Pilih mana, pemakzulan ataukah pengunduran diri ketika Presiden atau Pejabat Politik lainnya merasa tidak mampu menjalankan tugasnya karena terbukti tidak amanah dan tidak lagi dipercaya (distrust) oleh rakyatnya atau dengan kata lain telah terjadi mosi tidak percaya? Keduanya sama-sama konstitusional, namun yang terpenting adalah terpenuhi syarat-syarat bukan hanya yang bersifat legal tetapi juga moral sehingga jauh dari kesan perbuatan makar terhadap Presiden dan Wakil Presiden atau pejabat politik lainnya. 
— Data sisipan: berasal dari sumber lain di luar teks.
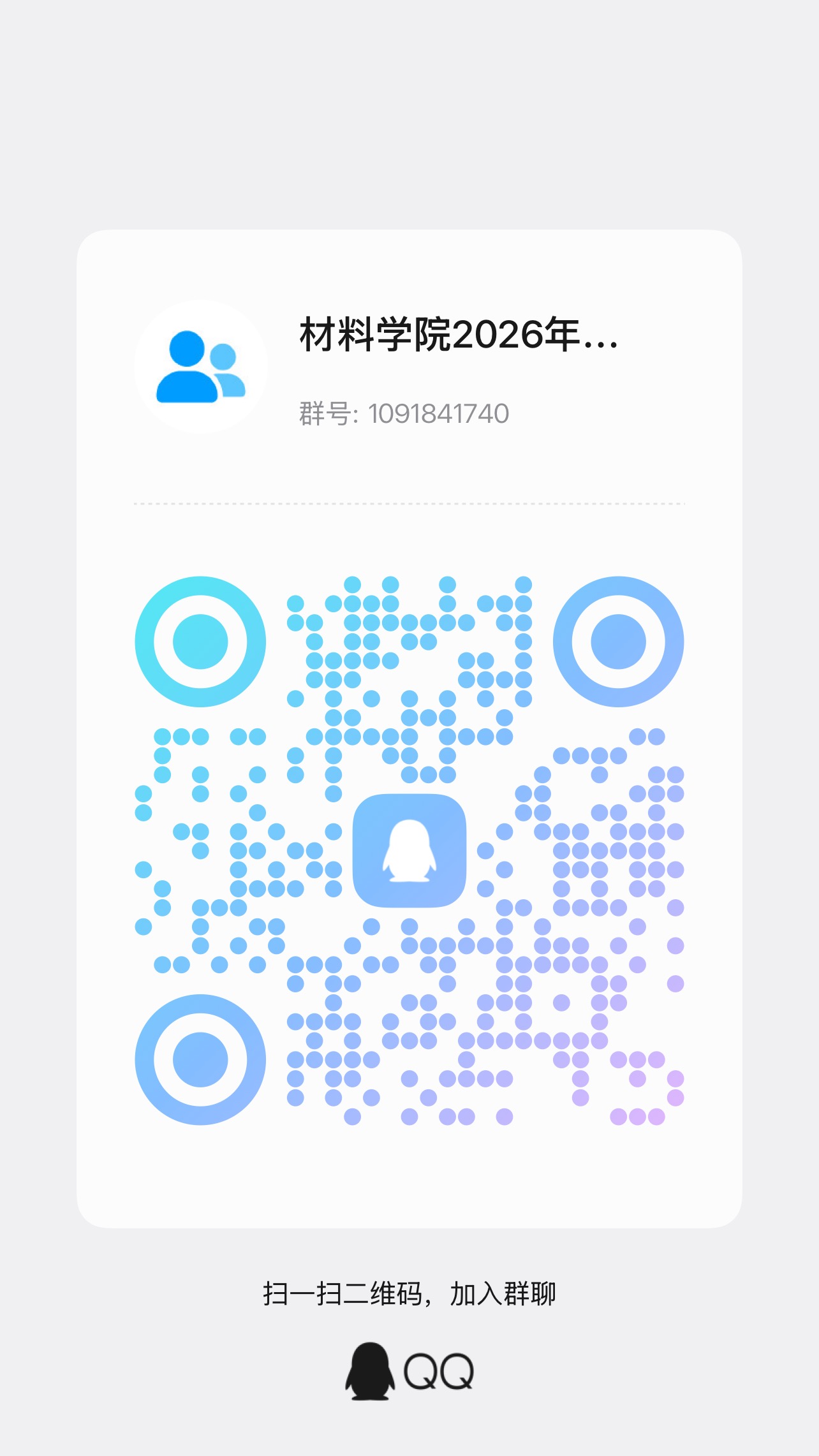 面试时间暂定2026年3月25日上午8:30开始,请进入面试环节的同学务必于3月24日上午10:00前加入QQ群“材料黑料正能量 2026年转专业面试工作群”,群号:1091841740。(加群时验证消息标注学号姓名)面试详细时间及分组将在群内通知。

Dengan penjelasan tersebut di atas, dapat diketahui bahwa Presiden dan juga Wakil Presiden memang memiliki prevelige tersendiri dibandingkan dengan warga negara lainnya. Jadi equality before the law tidak dapat diterapkan secara letterlijk, hitam putih. Presiden dan Wakil Presiden adalah warga negara kelas istimewa ketika berhadapan dengan hukum. Hukum selanjutnya akan berfungsi normal ketika Presiden dan Wakil Presiden diadili setelah keduanya diberhentikan dari jabatan politiknya tersebut melalui proses impeachment atau pengunduran diri. Jadi, meskipun Presiden dilaporkan 27 kali sehari ke Bareskrim Polri, tidak akan diproses dengan prosedur hukum biasa (ordinary due process of law), melainkan extra ordinary due process of law, yakni melalui (1) proses politik, (2) proses hukum (MK) lalu (3) politik (MPR) dan terakhir (4) proses hukum di peradilan umum (PN) dan seterusnya. Tabik!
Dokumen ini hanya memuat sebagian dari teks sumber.